CNS amyloid-β, soluble APP-α and -β kinetics during BACE inhibition

Justyna A Dobrowolska  1 Maria S Michener  2 Guoxin Wu  3 Bruce W Patterson  4 Robert Chott  4 Vitaliy Ovod  1 Yuriy Pyatkivskyy  1 Kristin R Wildsmith  1 Tom Kasten  1 Parker Mathers  2 Mandy Dancho  2 Christina Lennox  2 Brad E Smith  2 David Gilberto  2 Debra McLoughlin  5 Daniel J Holder  6 Andrew W Stamford  7 Kevin E Yarasheski  4 Matthew E Kennedy  8 Mary J Savage  3 Randall J Bateman  9
Affiliations

CNS amyloid-β, soluble APP-α and -β kinetics during BACE inhibition

Justyna A Dobrowolska et al. J Neurosci. .

Abstract

BACE, a β-secretase, is an attractive potential disease-modifying therapeutic strategy for Alzheimer's disease (AD) as it results directly in the decrease of amyloid precursor protein (APP) processing through the β-secretase pathway and a lowering of CNS amyloid-β (Aβ) levels.
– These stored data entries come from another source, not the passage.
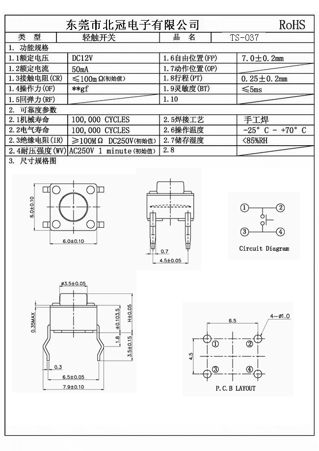 產(chǎn)品名稱(chēng):TS-037輕觸開(kāi)關(guān) Typical Specifications |
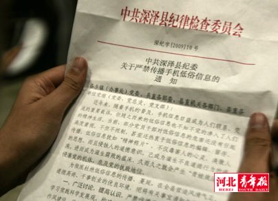 記者了解到,深澤縣委常委、紀(jì)委書記張慶民是此事的主要推動者之一。在他們的推動下,經(jīng)多次討論,并向深澤縣委多次匯報后,才出臺了“嚴(yán)禁傳播手機低俗信息的通知”。
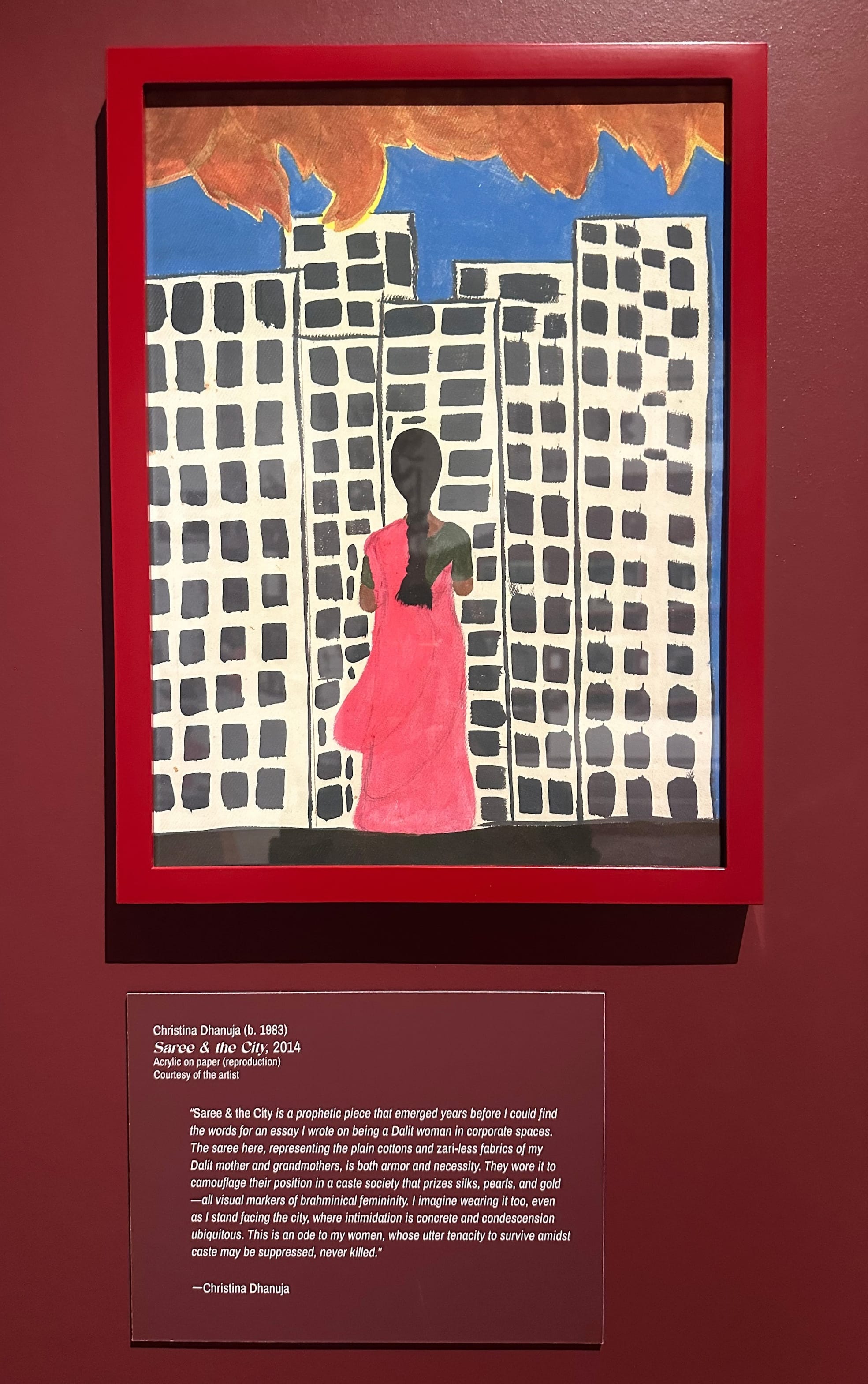 “Perhaps I anticipated the condescension that would come my way, and the plain, pink saree symbolizing my resilience, even as I’d stand facing a city’s intimidation,” she said in an email to Hyperallergic, referencing the discrimination she faced as a Dalit woman in corporate America. Dhanuja has long been outspoken about casteism as “deeply alive” yet routinely erased and denied in South Asia and the diaspora.

The interaction of the β-secretase and α-secretase pathway-mediated processing of APP in the rhesus monkey (nonhuman primate; NHP) CNS is not understood. We hypothesized that CNS inhibition of BACE would result in decreased newly generated Aβ and soluble APPβ (sAPPβ), with increased newly generated sAPPα. A stable isotope labeling kinetics experiment in NHPs was performed with a (13)C6-leucine infusion protocol to evaluate effects of BACE inhibition on CNS APP processing by measuring the kinetics of sAPPα, sAPPβ, and Aβ in CSF. Each NHP received a low, medium, or high dose of MBI-5 (BACE inhibitor) or vehicle in a four-way crossover design. CSF sAPPα, sAPPβ, and Aβ were measured by ELISA and newly incorporated label following immunoprecipitation and liquid chromatography-mass spectrometry. Concentrations, kinetics, and amount of newly generated APP fragments were calculated. sAPPβ and sAPPα kinetics were similar, but both significantly slower than Aβ. BACE inhibition resulted in decreased labeled sAPPβ and Aβ in CSF, without observable changes in labeled CSF sAPPα. ELISA concentrations of sAPPβ and Aβ both decreased and sAPPα increased. sAPPα increased by ELISA, with no difference by labeled sAPPα kinetics indicating increases in product may be due to APP shunting from the β-secretase to the α-secretase pathway. These results provide a quantitative understanding of pharmacodynamic effects of BACE inhibition on NHP CNS, which can inform about target development.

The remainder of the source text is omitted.